I think the curriculum has a lot to offer*, but it’s also a heck of a lot of work to unpack. While each lesson provides a script, there’s few you could deliver as is. First of all, you’d never be able to get through many of them in a normal period. EL throws the kitchen sink into these lessons. Furthermore, you’d find yourself stranded in the middle of a lesson confused, trying to figure out where it was supposed to be going, or discovering you were supposed to have an anchor chart drawn up to refer to.

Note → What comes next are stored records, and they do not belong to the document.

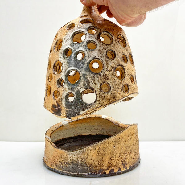 This is an earthenware lantern. Soda fired with porcelain slip.
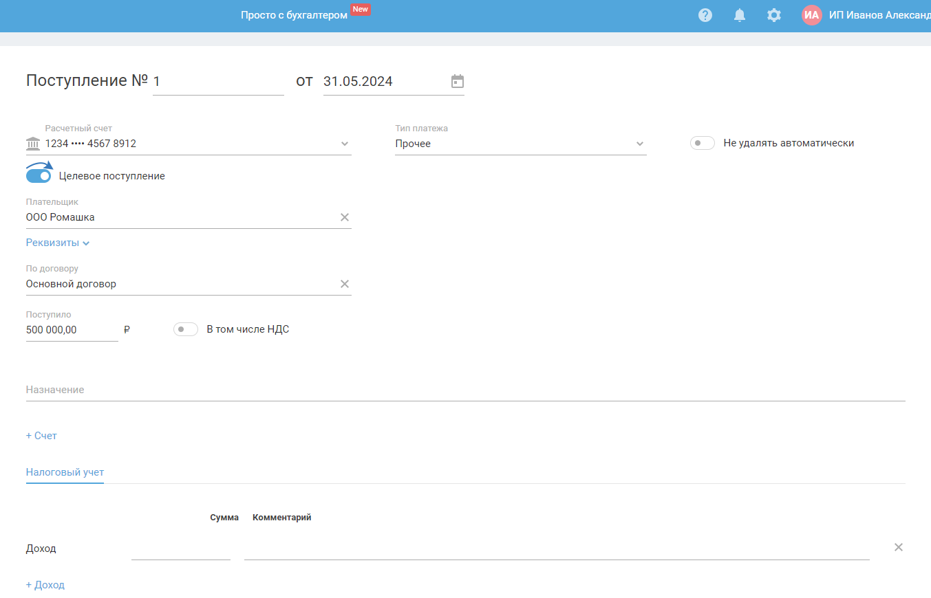 ИП на УСН в операциях поступления с типом «Прочее» при получении субсидии, гранта и др. могут указывать, что это целевое поступление. Для этого включите свитч (переключатель) «Целевое поступление»: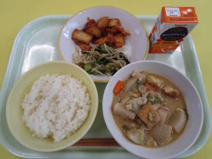 ・ごはん ・豚肉と大根のごまみそ煮 ・いかのかりん揚げ ・もやしのおひたし ・オレンジジュース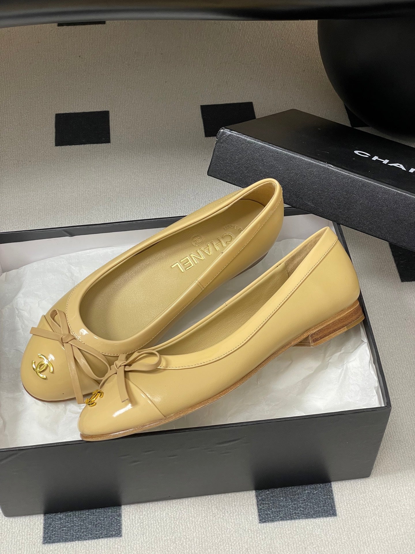 CC 25A Small Bow Ballet Flats Beige Sheepskin 393965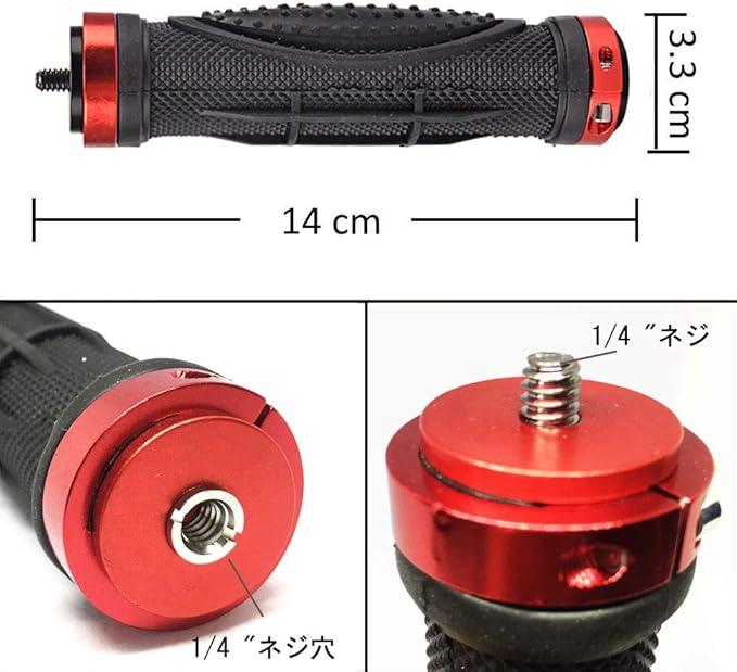カメラグリップ スタビライザー 手振れ 軽減 1/4インチネジ付き ラバーグリップ 一眼レフ/ミラーレス/デジカメ/ビデオカメラ用 一脚 延長ポール および電話クリップ(幅50-88mm)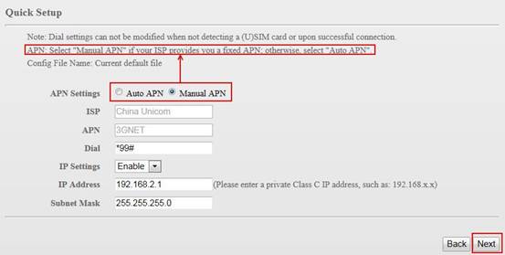 3. Choose Auto APN OR Manual APN, click Next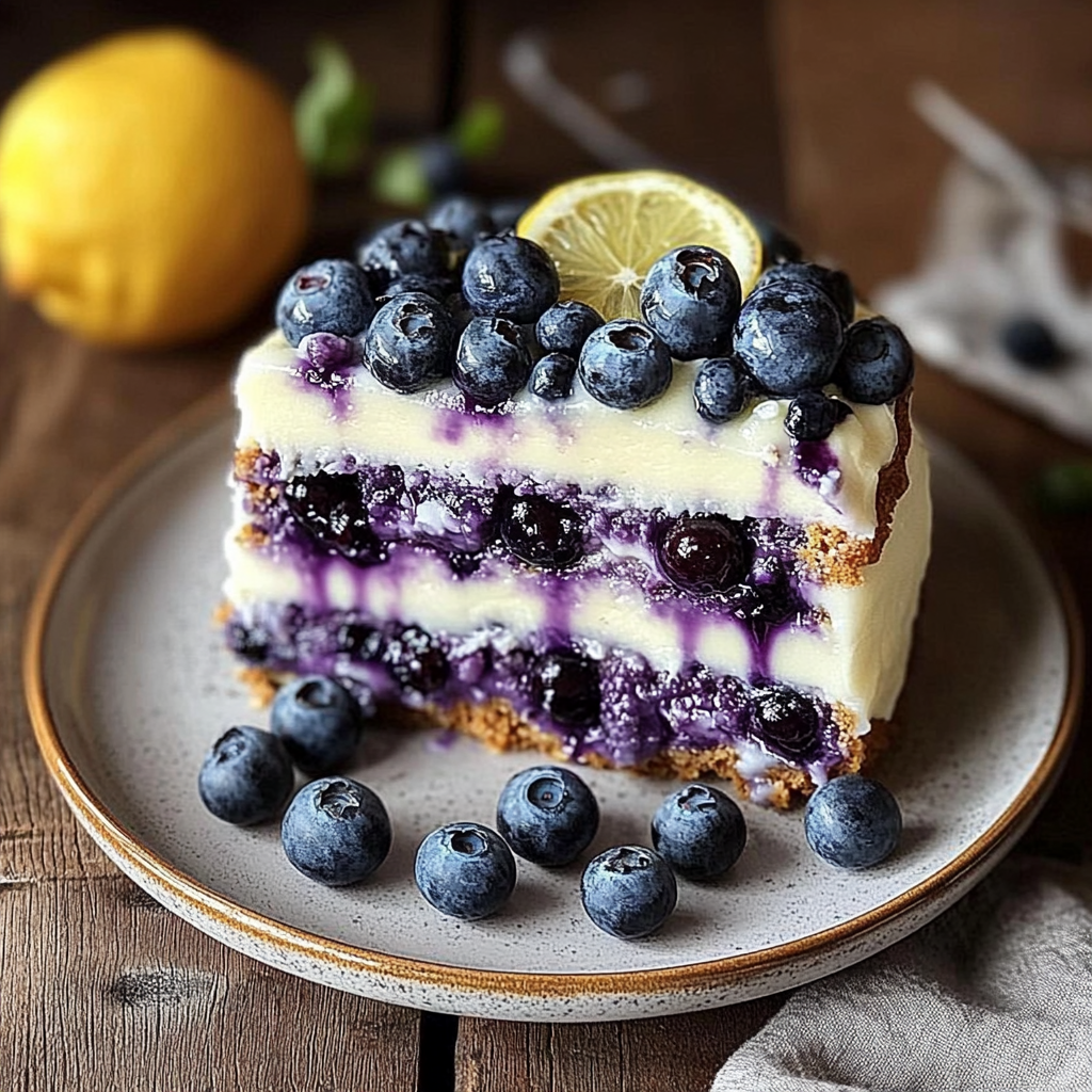 Irresistible No-Bake Lemon Dazzling Blueberry Cream Cake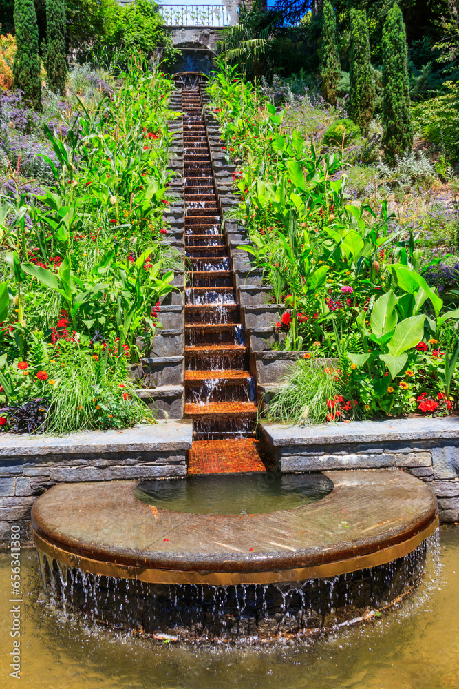Italian flower water stairs on the island of flowers Mainau on Lake Constance, Germany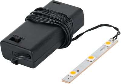 Batteriebetriebene LED-Beleuchtung, mit 3 LEDs, mit Batteriehalter, selbstklebend, Länge: 7 cm, Zuleitung: 98 cm. Ohne Batterien, Sie benötigen noch 2x AA Batterien.

Like most curricula, Expeditionary Learning ELA curriculum requires each teacher to have first read, processed, adapted, and developed additional resources to complement each and every lesson. My co-teachers and I would develop our own “talking points” based on our interpretations of a lesson, then create an accompanying presentation, and finally, create a student guide/handout that matched our talking points and presentation. Doing this was intensive work for each individual lesson. The teachers I’ve been working with also find this incredibly daunting to do — most especially because they are also often told to implement the Teacher’s College writing curriculum alongside of it (. . . which is a whole ‘nother can of worms I’m not going to get into here). Suffice it to say, I’ve been trying to figure out how I can help other middle school teachers process and implement the EL curriculum efficiently and effectively.

So this summer I worked on a couple of tools to try to help ELA teams and teachers to be more strategic about how they are using the EL curriculum.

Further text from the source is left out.